Выбрать главу

Но есть еще одна, более близкая и не менее очевидная, параллель мифологическим героям Эппеля — довлатовская книга “Наши”. Под пером Довлатова его деды и дяди обращаются в грозных и гордых героев мифологического цикла, сохраняя при этом реальные черты живых, забавных, чрезвычайно колоритных людей. Рок, преследующий их, — это не просто разрушающая сила времени и не тупая, всеподавляющая сила государства, — это сам Кронос, пожирающий своих детей.

У Эппеля все обстоит несколько сложнее. Прежде всего — он не пишет эпоса происхождения, не героизирует предков.

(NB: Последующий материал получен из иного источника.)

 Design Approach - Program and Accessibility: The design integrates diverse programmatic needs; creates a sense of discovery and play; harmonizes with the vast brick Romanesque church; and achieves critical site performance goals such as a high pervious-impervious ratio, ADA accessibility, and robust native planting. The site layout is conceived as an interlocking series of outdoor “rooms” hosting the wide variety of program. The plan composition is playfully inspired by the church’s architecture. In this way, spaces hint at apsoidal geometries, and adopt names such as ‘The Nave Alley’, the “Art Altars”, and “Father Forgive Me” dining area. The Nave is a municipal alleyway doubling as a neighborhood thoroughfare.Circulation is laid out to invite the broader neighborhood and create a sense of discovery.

Такое впечатление, что он числит свою генеалогию не от реальных живых людей и даже не от “этнического компота слободы” — а от самого Времени, в котором “все размыто сложного состава вонючим, мутным воздухом”. В этом воздухе человек не только не умеет отличить добро от зла — “он просто не знает об их существовании”. Здесь происходят — и кажутся естественными — довольно противоестественные, смешные, чаще жуткие, но всегда сумбурные истории — но “не сумбур это вовсе. Это таким образом — закономерно, хотя и своеобразно — пресуществляются Великие События на поросших травой маленьких улицах, иначе говоря, в бытованье простых людей”.

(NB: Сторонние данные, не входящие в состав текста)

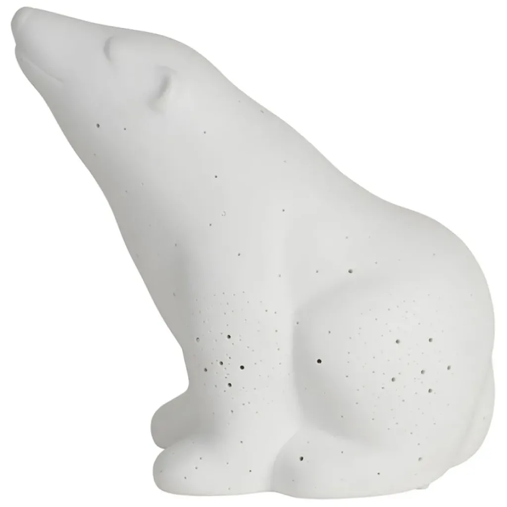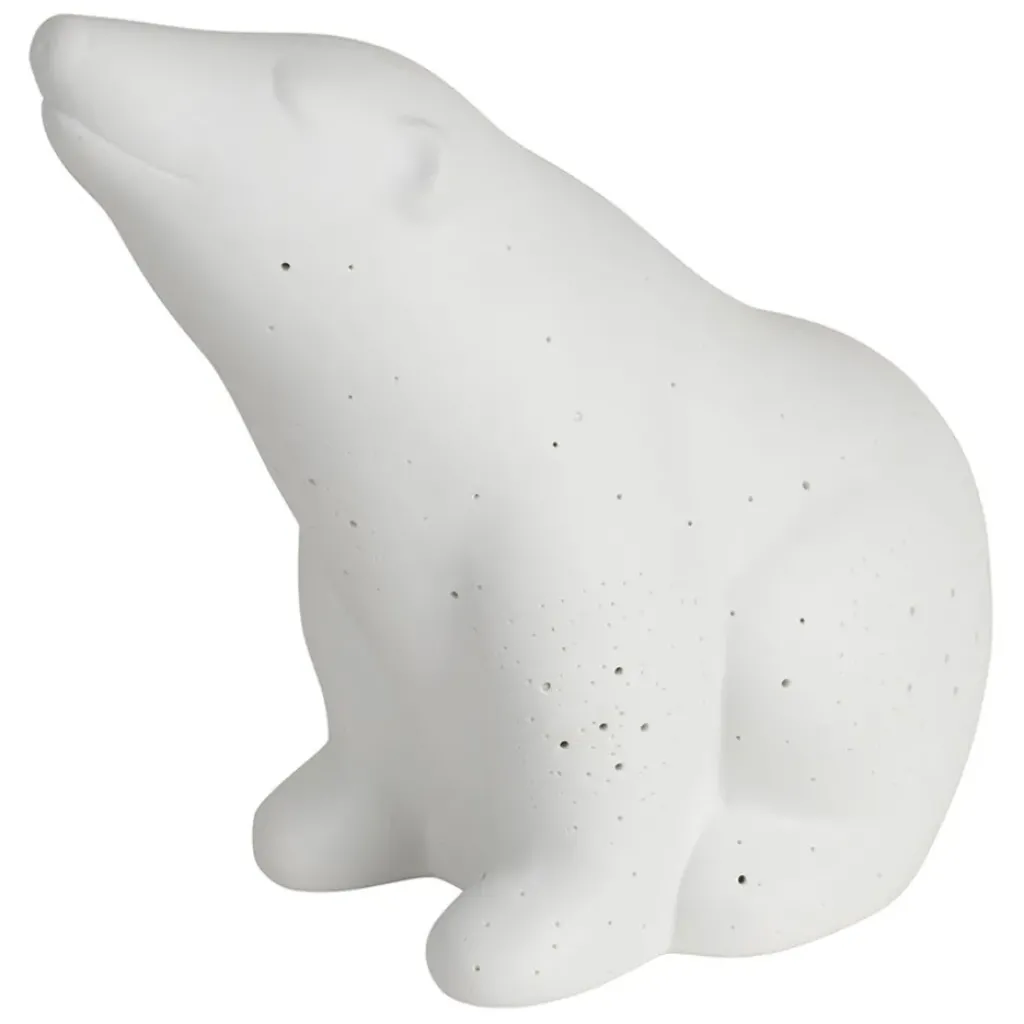 La porcelaine blanche sublime la silhouette gracieuse de l’ours polaire, créant une atmosphère douce et apaisante.

Именно таких “простых”, вполне ему посторонних людей и мифологизирует рассказчик очередной истории, “ибо пишет жизнеописание хотя и беллетристическое, однако претендующее на житийность”. Чрезвычайно важно, что едва ли не у всех героев эппелевской прозы наличествует — вместо достоверных черт характера — некий суверенный изъян, свой вывих, который, странным образом, и делает их живыми, вполне достоверными: “на травяной улице остались в общем-то сплошь исключения”. Таков “ужасно опасающийся отбрасывать тень ” Вадя. Таков монструозный подросток Леонид, который, будучи лишен “возможности побеждать обстоятельства”, “побеждает предметы”. Таков Самсон Есеич — “совершенно одинокий предтеча грядущей цивилизации”, “существо века бронзового”, в “каменном веке” барака исхитрившийся устроить собственный санузел. Как тут не вспомнить довлатовского alter ego, страдавшего от необходимости прилюдного мочеиспускания!

В одной из своих историй Эппель как бы невзначай позволяет читателю подсмотреть за механизмом создания своей прозы. Речь идет о подпольной (по тем временам) бригаде, воссоздающей на фотобумаге портреты умерших: “…скромные забеливатели… убирали с фотографий то лишнее, что было лишним, а решительные ретушеры добавляли то лишнее, какое считали нелишним”. Портреты, получившиеся из потертых полуслепых фото, оказывались куда живее и достовернее умерших оригиналов. Достоверность их оказалась обусловлена непрочностью вещества памяти, неизменно проигрывающей в своем противостоянии Времени. Не случайно в том же рассказе возникает мощная метафора забвения — айсберг, рождающийся из текущей на асфальт водопроводной воды: “И асфальт покрывается стеклом забвения, ибо в стекло это вмерзли мелкие остатки летней жизни, до сих пор считавшиеся всяким сором, а теперь ставшие объектом, вмерзшим в лед… на лед наслаивается новый лед, и стекло забвения постепенно теряет прозрачность и мутнеет”.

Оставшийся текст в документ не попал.